Los geht es an der Talstation der Jennerbahn (Standort). Die Wolken hängen tief als wir die Zivilisation verlassen, in die wir erst in vier Tagen zurückkehren werden. Das Entdecker-Herz hüpft freudig während wir den ersten gelben Wegweisern Richtung Jennerbahn-Mittelstation folgen. Die ersten Kilometer geht es sacht bergauf durch dichten Wald. Ganz allein auf weiter Flur. Nur ein paar Vögel begleiten uns. Da ist sie also gestartet unsere erste Hüttentour. Gar nicht so schwer.

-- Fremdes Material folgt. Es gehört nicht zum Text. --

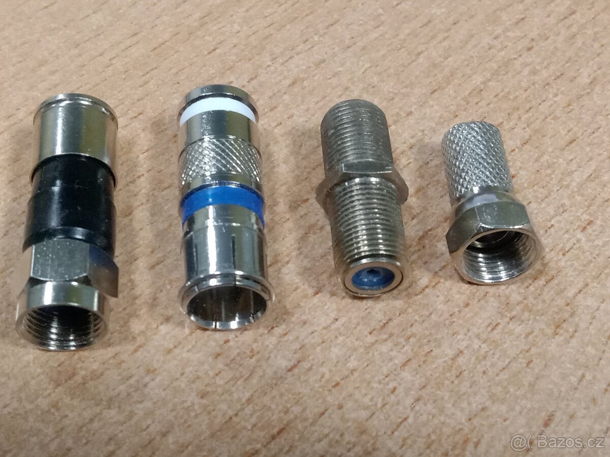 Prodám kabelové F-konektory vhodné pro televizní a satelitní příjem. Jak šroubovací typ, tak i krimpovací - násuvný i šroubovací. Rovněž kabelové spojky, 75 ohm zakončení apod.

Auf der ersten Etappe gilt es aber immerhin mehr als 1.000 Höhenmeter zu überwinden. Die Trägheit der Hamburger Büroarbeit lässt den Puls in die Höhe steigen. Der Weg wird steiler. Alsbald verlassen wir den Wald und sehen unterhalb der Seilbahn mit der wir in 20 Minuten schweißfrei nach oben zum Jenner gefahren werden. Stattdessen gehen wir in Serpentinen fleißig bergauf. Die Gondeln ziehen faul über unseren Köpfen vorbei. Wir lassen die Mittelstation rechts liegen und nehmen frohen Mutes die letzten Kilometer hoch zur Bergstation in Angriff. Unter uns breitet sich das weite Tal aus. Die Wolken sind verschwunden. Oh ja. Panoramasicht werden wir in den nächsten Tagen hoffentlich noch häufiger genießen können.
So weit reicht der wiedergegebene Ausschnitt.